● Activity: Word for word, restate the entries below and exclude every image.

● Extracted information:
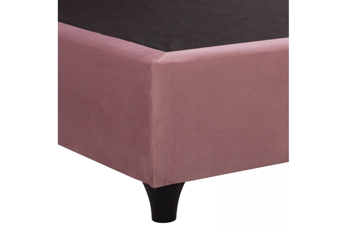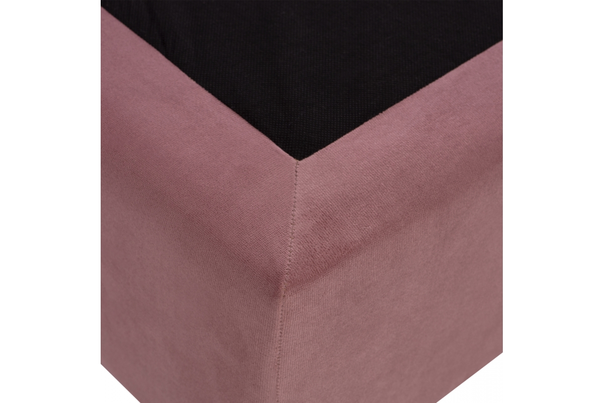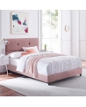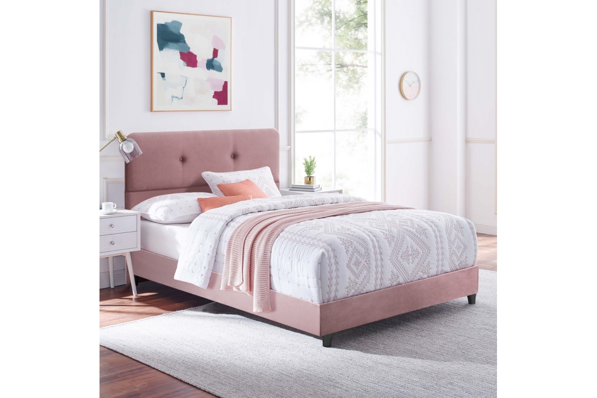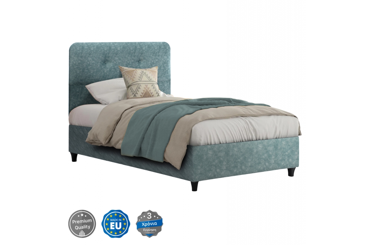 Το κεφαλάρι είναι ψηλό και διακοσμημένο με δύο τρουκς (κουμπάκια), ενώ η επένδυση του κρεβατιού είναι από εξαιρετικό βελούδινο ύφασμα που καθαρίζει πολύ εύκολα. Το χρώμα DUSTY PINK ή ΠΕΤΡΟΛ που καλύπτει ολόκληρο το κρεβάτι είναι ουδέτερο και μπορεί να συνδυαστεί με ποικιλία διακοσμητικών μοτίβων. Το ιδιαίτερο χαρακτηριστικό αυτού του κρεβατιού είναι ότι δεν διαθέτει την παραδοσιακή κατασκευή με τάβλες σουμιέ για την υποστήριξη του στρώματος, αλλά αποτελείται από μια ενιαία επιφάνεια στην οποία τοποθετείται το στρώμα. Οι διαστάσεις του στρώματος είναι 120x200 εκ.
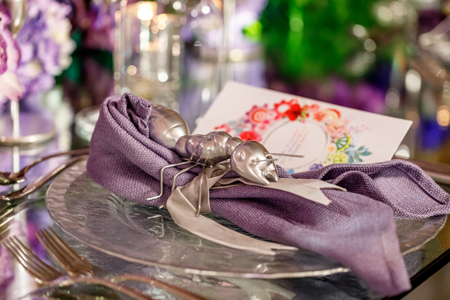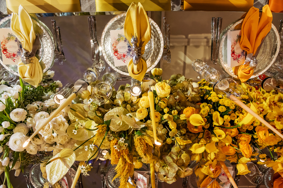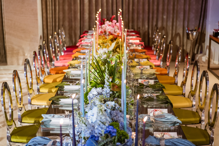 The team at Fête Events then extended the scope of the aesthetic with an ombré effect rendered via table napkins, upholstery and other aspects of the decor, all aligned with the theme to create a magical effect. Mallika explains, “The vibrant tablescapes featured long rainbow ombré runners created with flowers which were accompanied by tapered, drip-free candles sourced from Europe to match the floral varieties.” Silver accessories, customized menu cards and silver napkin holders with insect sculptures added an element of sophistication. The planner says, “All the fabrics used went through many tests to get the exact colors we needed to deliver an aesthetically dynamic and jaw-dropping setup. The matching napkins, as well as chair seats pads, looked stunning under the light of the contemporary silver chandeliers. The ambience was so wonderful, it really had us believe we’d conjured rainbows down here on earth.”
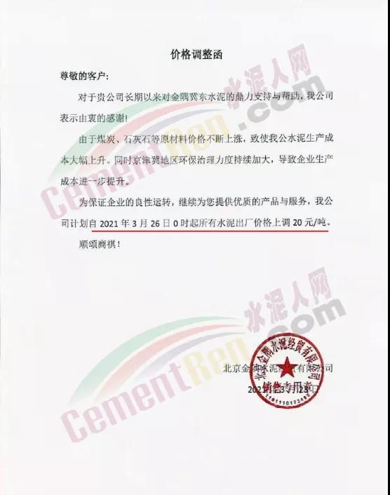 北京金隅水泥經(jīng)貿(mào)有限公司通知自3月26日起所有水泥出廠價(jià)上調(diào)20元/噸。
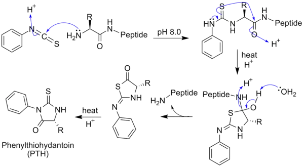To solve the problem of damaging the protein by hydrolyzing conditions, Pehr Edman created a new way of labeling and cleaving the peptide. Edman thought of a way of removing only one residue at a time, which did not damage the overall sequencing. This was done by adding Phenyl isothiocyanate, which creates a phenylthiocarbamoyl derivative with the N-terminal. The N-terminal is then cleaved under less harsh acidic conditions, creating a cyclic compound of phenylthiohydantoin PTH-amino acid. This does not damage the protein and leaves two constituents of the peptide. This method can be repeated for the rest of the residues, separating one residue at a time.
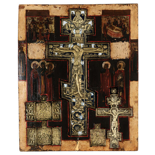 Alte russische Ikone „Kreuzigung“ – Staurothek, 18 Jh, 40 × 33 cm
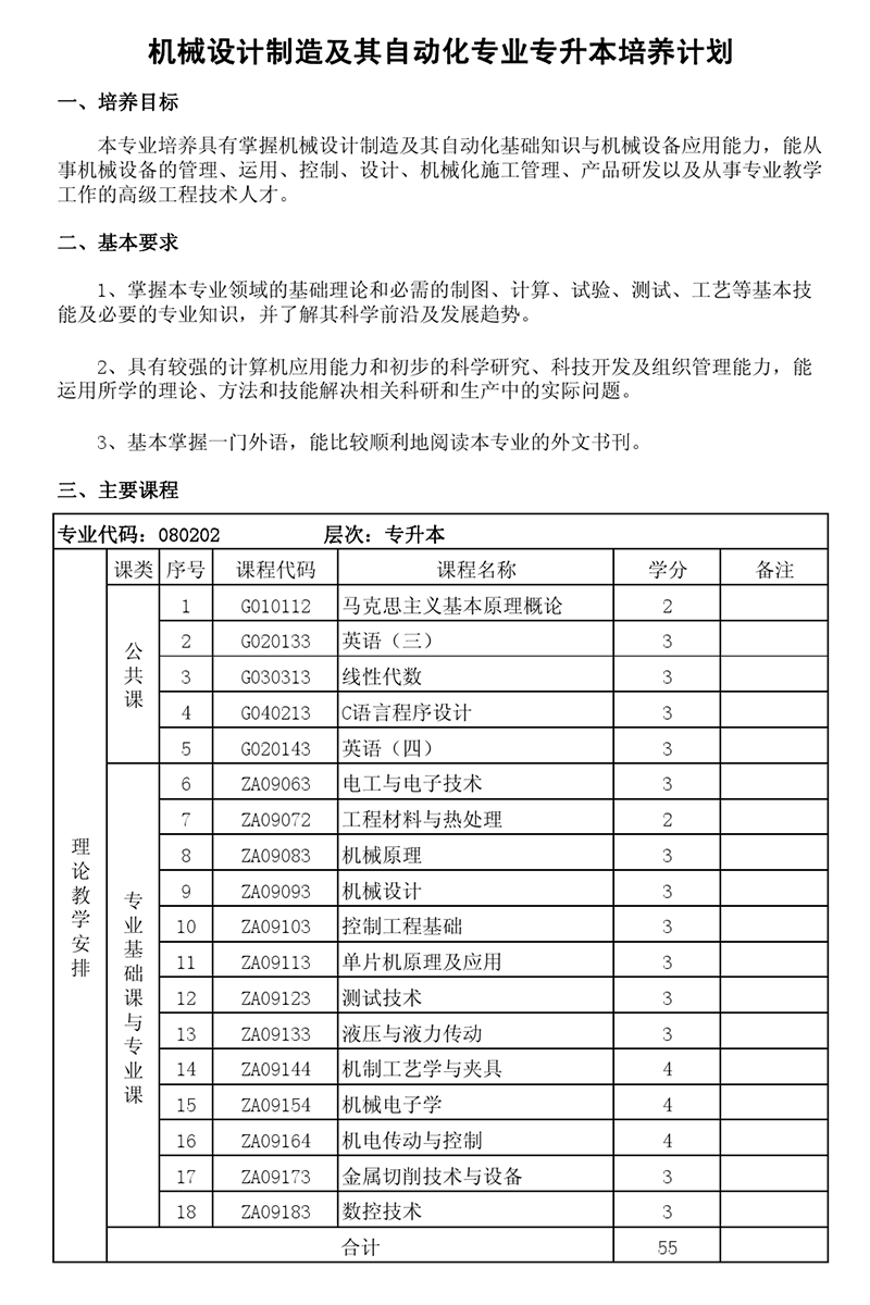 本科培养计划-专业代码:080802 机械设计制造及其自动化专业
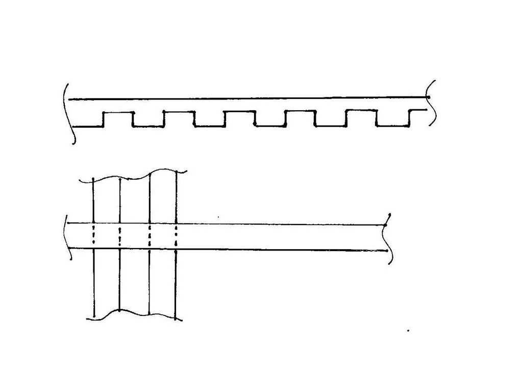 Ve skutečnosti je tento rošt vyráběn skládáním jednotlivých „hřebenů”, které vzniknou vyřezáním zářezů do poloviny šířky trámku roštu.
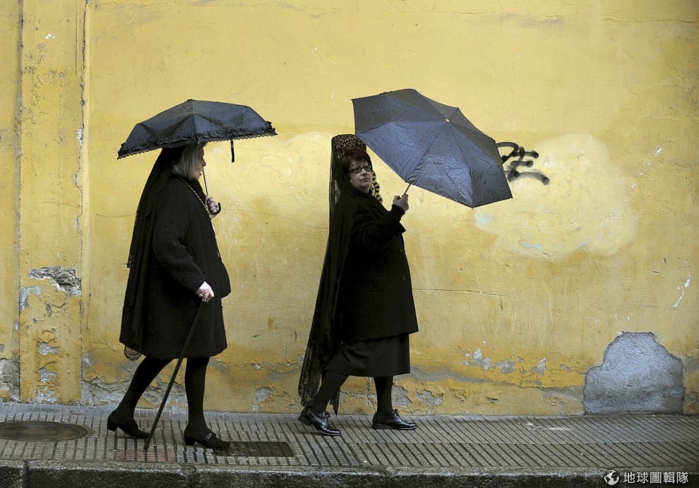奧維耶多(Oviedo)市內,參加棕樹節(Palm Sunday)的信眾一身黑走在大街上,當地的學生會決定今年懺悔活動不能在街上舉辦,所以民眾改往教堂走去。這個節日是要記念主耶穌進入耶路撒冷城。
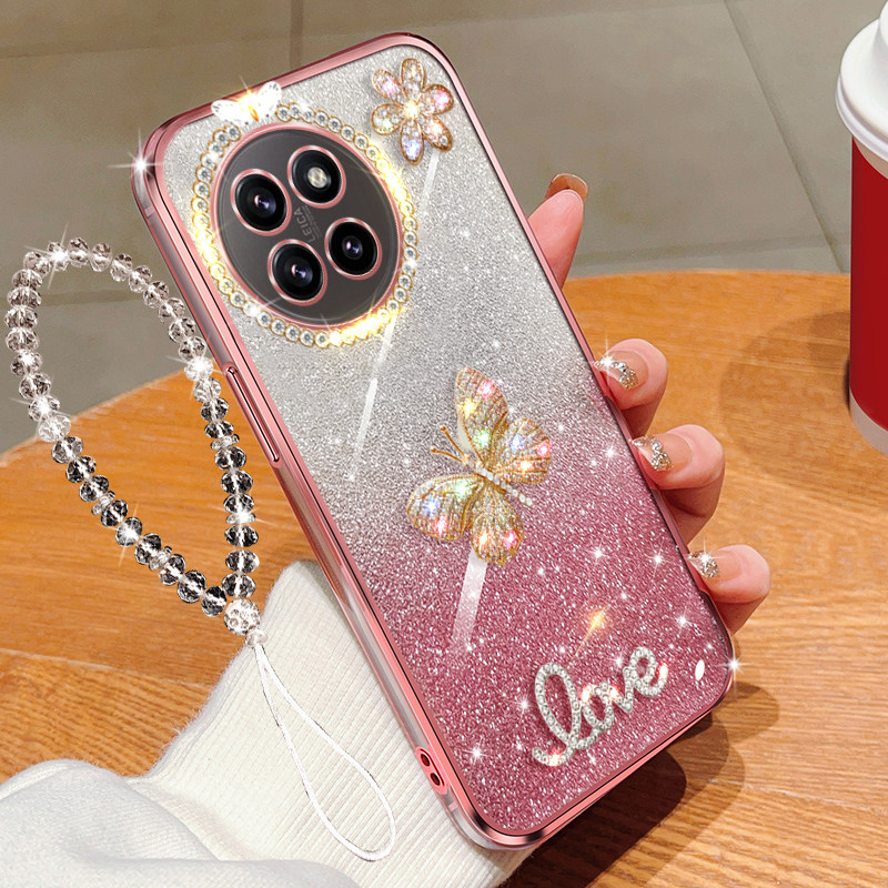适用小米redmi红米turbo4手机壳5G闪镶钻奢华蝴蝶镜头全包直边电镀水晶挂绳链子女款软胶防摔保护套时尚新品
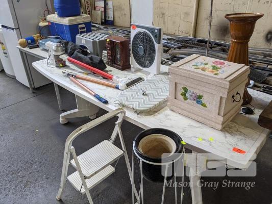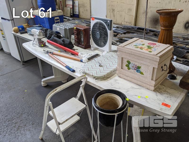 HOOVER STICK VAC, CAMP CHAIR, BOX FAN, JEWELLERY BOX, CERAMIC PLANTER STAND, ETC
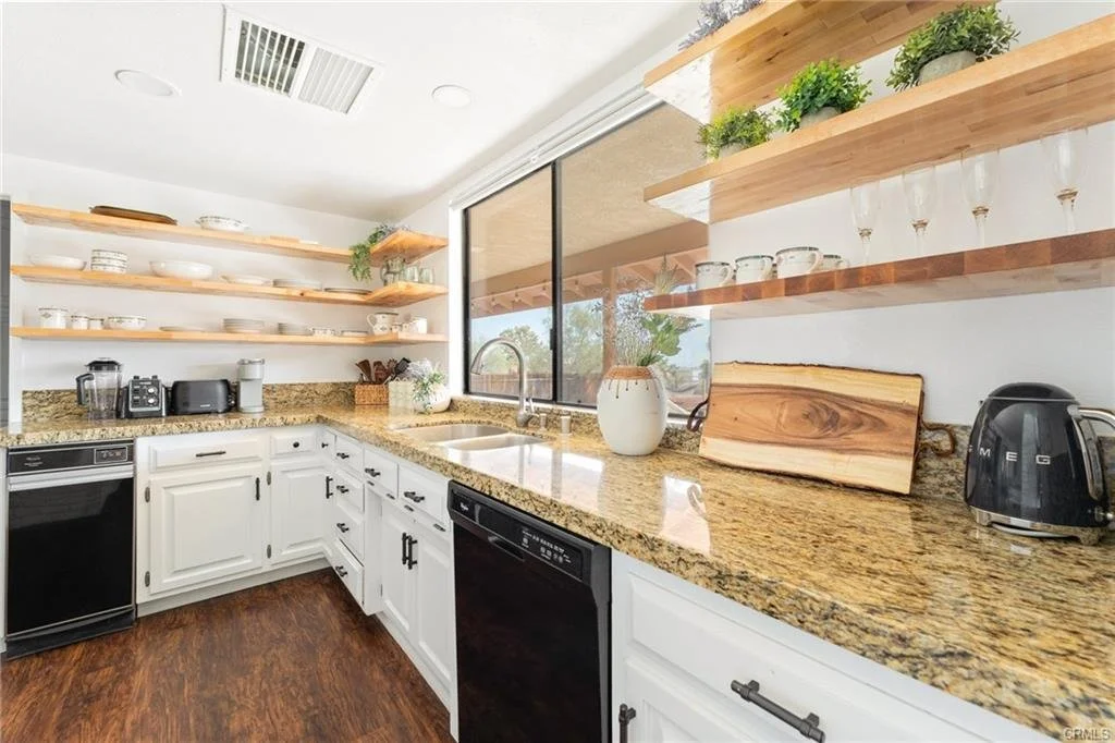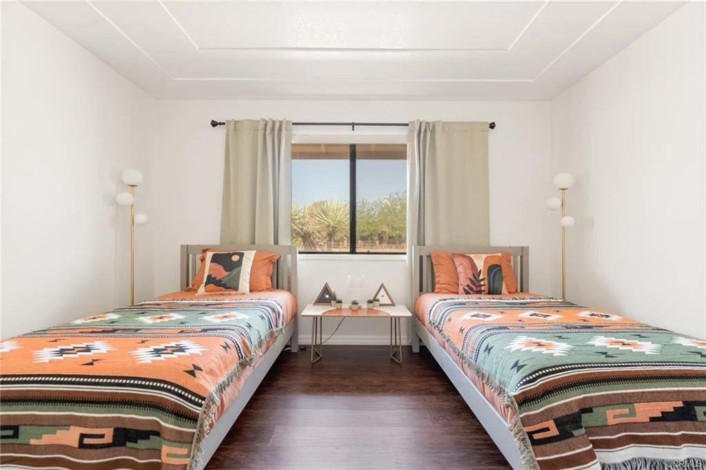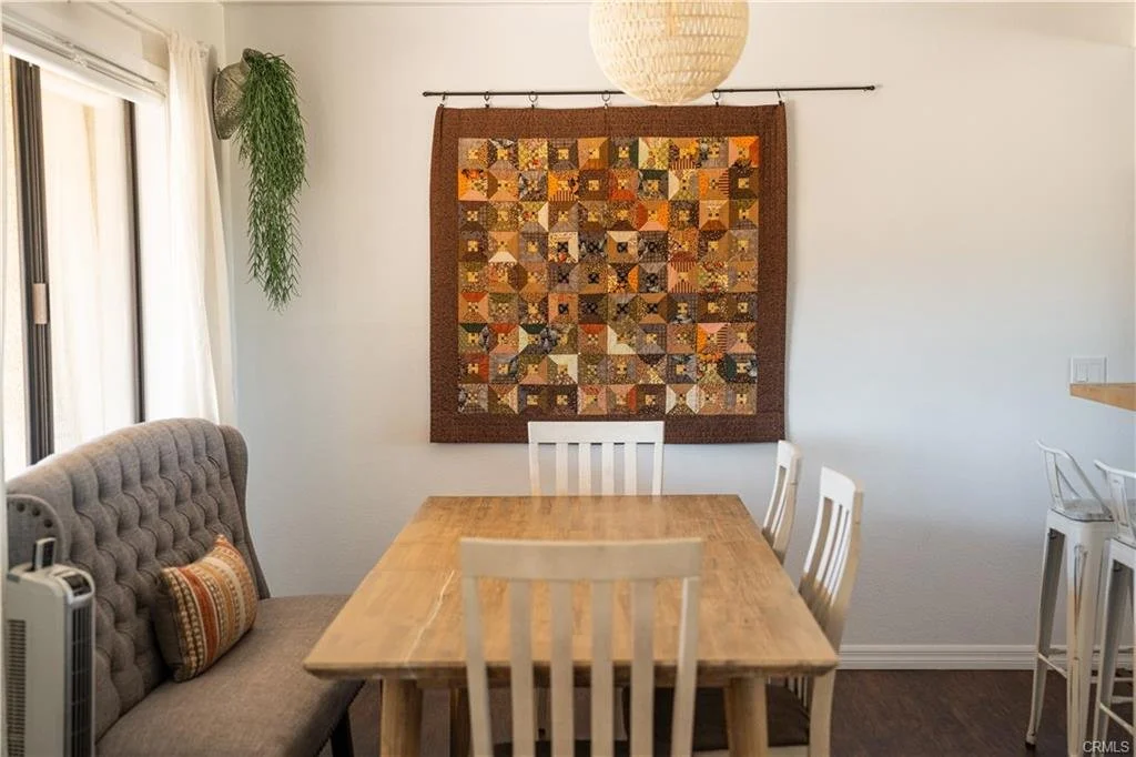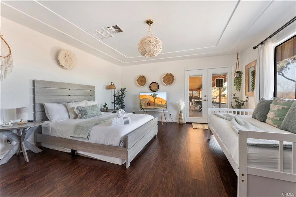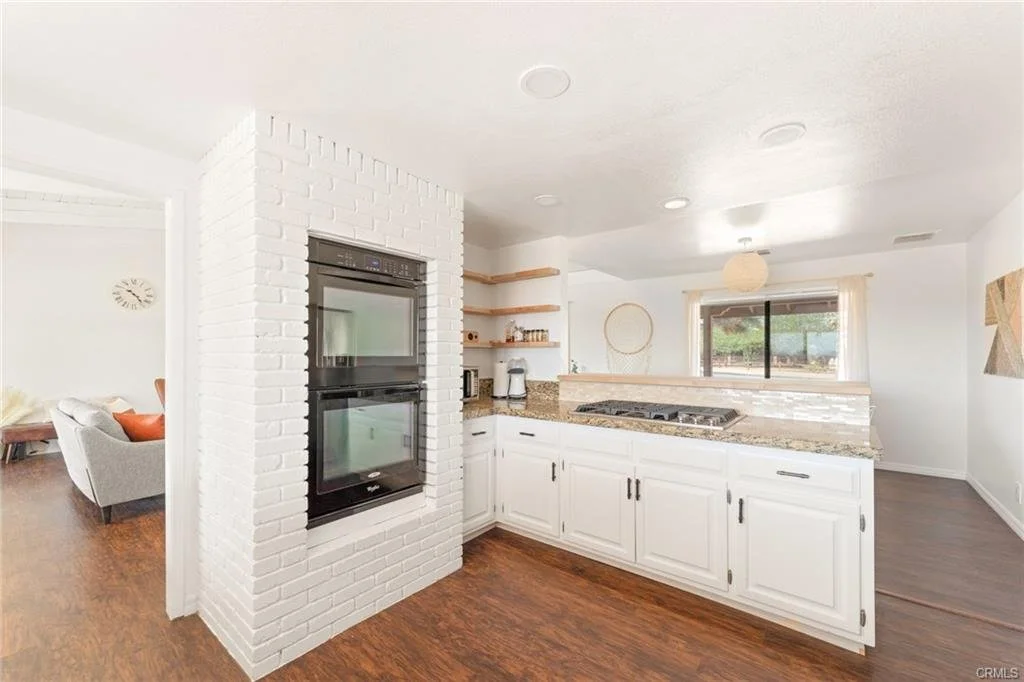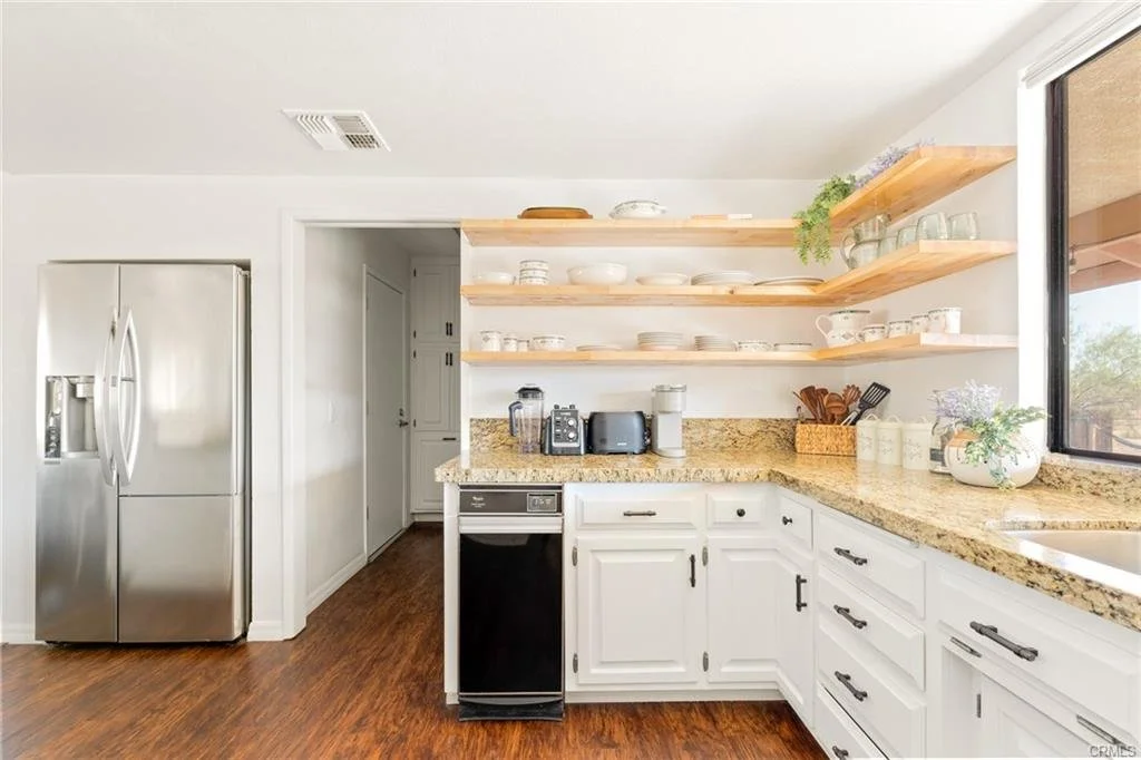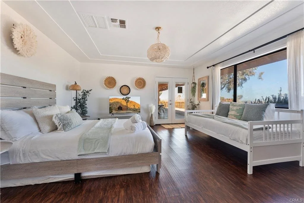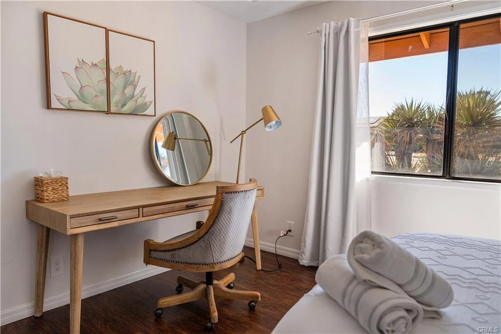 Coveted Western Hills Ranchos home - panoramic views of Joshua Tree National Park and vast wilderness from the backyard. Watch the sunrise from the back porch overlooking a forest of Joshua trees. Location is convenient to town and shopping yet has a rural feel on the eastern edge of town. Large home with nearly 1,900 square feet of living space, including three large bedrooms and three bathrooms. Living room is spacious with brick accents, a wood burning stove, and exposed wood-beamed ceiling. Rare formal dining room with built-in cabinets and a wide hallway with more built-in cabinets, in addition to a 3-car garage approximately 800 square feet; plenty of interior living space for entertaining or work-at-home areas and vast storage space throughout. PAID SOLAR for energy efficiency and reduced power bills. Natural gas meter (so no propane bills). Central AC/Heating. Mature landscaping with irrigation. Underground utilities, so no unsightly power cable running from a pole on the street. Fenced backyard for pets or children. Indoor/outdoor living at its best, with a sublime back porch with hot-tub, special areas for seating, including a dome for stargazing at night. Few homes on the market have so many upgraded interior and exterior living spaces – a must-see perfect forever home. Property TURN-KEY, FULLY-FURNISHED (to be inventoried outside of escrow). Seller purchased all furnishings exclusively for this home.

● Answer to this task:
 Το κεφαλάρι είναι ψηλό και διακοσμημένο με δύο τρουκς (κουμπάκια), ενώ η επένδυση του κρεβατιού είναι από εξαιρετικό βελούδινο ύφασμα που καθαρίζει πολύ εύκολα. Το χρώμα DUSTY PINK ή ΠΕΤΡΟΛ που καλύπτει ολόκληρο το κρεβάτι είναι ουδέτερο και μπορεί να συνδυαστεί με ποικιλία διακοσμητικών μοτίβων. Το ιδιαίτερο χαρακτηριστικό αυτού του κρεβατιού είναι ότι δεν διαθέτει την παραδοσιακή κατασκευή με τάβλες σουμιέ για την υποστήριξη του στρώματος, αλλά αποτελείται από μια ενιαία επιφάνεια στην οποία τοποθετείται το στρώμα. Οι διαστάσεις του στρώματος είναι 120x200 εκ.
 The team at Fête Events then extended the scope of the aesthetic with an ombré effect rendered via table napkins, upholstery and other aspects of the decor, all aligned with the theme to create a magical effect. Mallika explains, “The vibrant tablescapes featured long rainbow ombré runners created with flowers which were accompanied by tapered, drip-free candles sourced from Europe to match the floral varieties.” Silver accessories, customized menu cards and silver napkin holders with insect sculptures added an element of sophistication. The planner says, “All the fabrics used went through many tests to get the exact colors we needed to deliver an aesthetically dynamic and jaw-dropping setup. The matching napkins, as well as chair seats pads, looked stunning under the light of the contemporary silver chandeliers. The ambience was so wonderful, it really had us believe we’d conjured rainbows down here on earth.”
 北京金隅水泥經(jīng)貿(mào)有限公司通知自3月26日起所有水泥出廠價(jià)上調(diào)20元/噸。
To solve the problem of damaging the protein by hydrolyzing conditions, Pehr Edman created a new way of labeling and cleaving the peptide. Edman thought of a way of removing only one residue at a time, which did not damage the overall sequencing. This was done by adding Phenyl isothiocyanate, which creates a phenylthiocarbamoyl derivative with the N-terminal. The N-terminal is then cleaved under less harsh acidic conditions, creating a cyclic compound of phenylthiohydantoin PTH-amino acid. This does not damage the protein and leaves two constituents of the peptide. This method can be repeated for the rest of the residues, separating one residue at a time.
 Alte russische Ikone „Kreuzigung“ – Staurothek, 18 Jh, 40 × 33 cm
 本科培养计划-专业代码:080802 机械设计制造及其自动化专业
 Ve skutečnosti je tento rošt vyráběn skládáním jednotlivých „hřebenů”, které vzniknou vyřezáním zářezů do poloviny šířky trámku roštu.
奧維耶多(Oviedo)市內,參加棕樹節(Palm Sunday)的信眾一身黑走在大街上,當地的學生會決定今年懺悔活動不能在街上舉辦,所以民眾改往教堂走去。這個節日是要記念主耶穌進入耶路撒冷城。
适用小米redmi红米turbo4手机壳5G闪镶钻奢华蝴蝶镜头全包直边电镀水晶挂绳链子女款软胶防摔保护套时尚新品
 HOOVER STICK VAC, CAMP CHAIR, BOX FAN, JEWELLERY BOX, CERAMIC PLANTER STAND, ETC
 Coveted Western Hills Ranchos home - panoramic views of Joshua Tree National Park and vast wilderness from the backyard. Watch the sunrise from the back porch overlooking a forest of Joshua trees. Location is convenient to town and shopping yet has a rural feel on the eastern edge of town. Large home with nearly 1,900 square feet of living space, including three large bedrooms and three bathrooms. Living room is spacious with brick accents, a wood burning stove, and exposed wood-beamed ceiling. Rare formal dining room with built-in cabinets and a wide hallway with more built-in cabinets, in addition to a 3-car garage approximately 800 square feet; plenty of interior living space for entertaining or work-at-home areas and vast storage space throughout. PAID SOLAR for energy efficiency and reduced power bills. Natural gas meter (so no propane bills). Central AC/Heating. Mature landscaping with irrigation. Underground utilities, so no unsightly power cable running from a pole on the street. Fenced backyard for pets or children. Indoor/outdoor living at its best, with a sublime back porch with hot-tub, special areas for seating, including a dome for stargazing at night. Few homes on the market have so many upgraded interior and exterior living spaces – a must-see perfect forever home. Property TURN-KEY, FULLY-FURNISHED (to be inventoried outside of escrow). Seller purchased all furnishings exclusively for this home.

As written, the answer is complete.